Увлечение Бальзаком было причиной, что Белинский, к которому в первый раз повел меня Некрасов, сделал на меня впечатление обратное тому, какое я ожидал. Настроенный Некрасовым, я ждал, как счастья, видеть Белинского; я переступал его порог робко, с волнением, заблаговременно обдумывая выражения, с какими я выскажу ему мою любовь к знаменитому французскому писателю. Но едва я успел коснуться, что сожитель мой, - имя которого никому не было тогда известно, - перевел "Евгению Гранде", Белинский разразился против общего нашего кумира жесточайшею бранью, назвал его мещанским писателем, сказал, что, если бы только попала ему в руки эта "Евгения Гранде", он на каждой странице доказал бы всю пошлость этого сочинения. Я был до того озадачен, что забыл все, что готовился сказать, входя к Белинскому; я положительно растерялся и вышел от пего как ошпаренный, негодуя против себя еще больше, чем против Белинского. Не знаю, что он обо мне подумал; он, вероятно, смотрел на меня как на мальчишку, не умевшего двух слов сказать в защиту своего мнения.
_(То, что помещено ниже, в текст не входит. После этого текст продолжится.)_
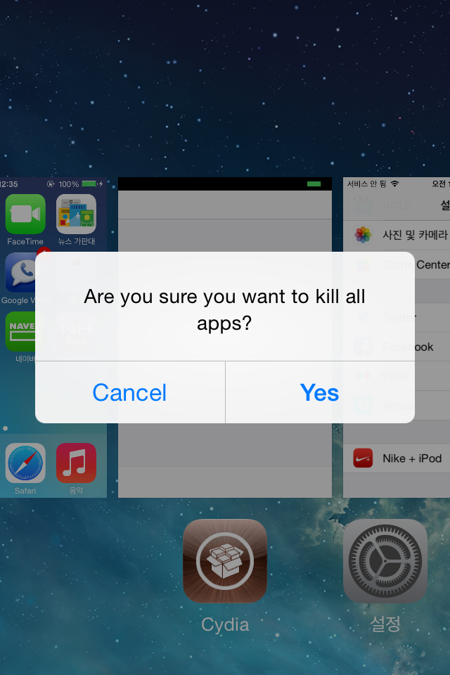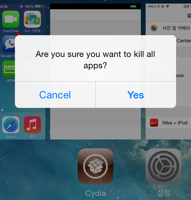 탈옥하기 전 iOS7 아이폰 멀티태스킹 화면의 홈화면을 위로 올리면 실행중인 모든 어플들이 종료되는 기능을 상상한 적이 있었는데요. 실행중인 어플들의 갯수가 많을때는 특히 더 생각이 났습니다.
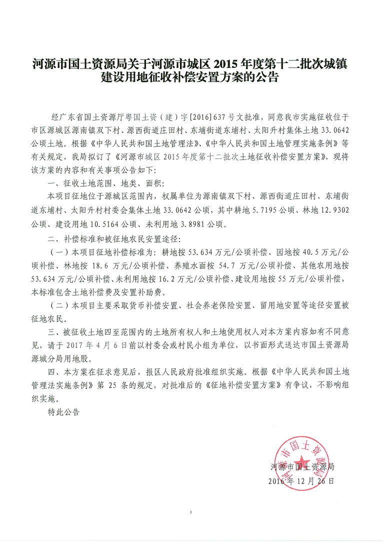 河源市城区2015年度第十二批次城镇建设用地

Достоевский между тем просиживал целые дни и часть ночи за письменным столом. Он слова не говорил о том, что пишет; на мои вопросы он отвечал неохотно и лаконически; зная его замкнутость, я перестал спрашивать. Я мог только видеть множество листов, исписанных тем почерком, который отличал Достоевского: буквы сыпались у него из-под пера, точно бисер, точно нарисованные. Такой почерк видел я впоследствии только у одного писателя: Дюма-отца. Как только Достоевский переставал писать, в его руках немедленно появлялась книга. Он одно время очень пристрастился к романам Ф. Сулье, особенно восхищали его "Записки демона". Усиленная работа и упорное сиденье дома крайне вредно действовали на его здоровье; они усиливали его болезнь, проявлявшуюся несколько раз еще в юности, в бытность его в училище. Несколько раз во время наших редких прогулок с ним случались припадки. Раз, проходя вместе с ним по Троицкому переулку, мы встретили похоронную процессию. Достоевский быстро отвернулся, хотел вернуться назад, но, прежде чем успели мы отойти несколько шагов, с ним сделался припадок настолько сильный, что я с помощью прохожих принужден был перенести его в ближайшую мелочную лавку; насилу могли привести его в чувство. После таких припадков наступало обыкновенно угнетенное состояние духа, продолжавшееся дня два или три.
Раз утром (это было летом) Достоевский зовет меня в свою комнату; войдя к нему, я застал его сидящим на диване, служившем ему также постелью; перед ним, на небольшом письменном столе, лежала довольно объемистая тетрадь почтовой бумаги большого формата, с загнутыми полями и мелко исписанная.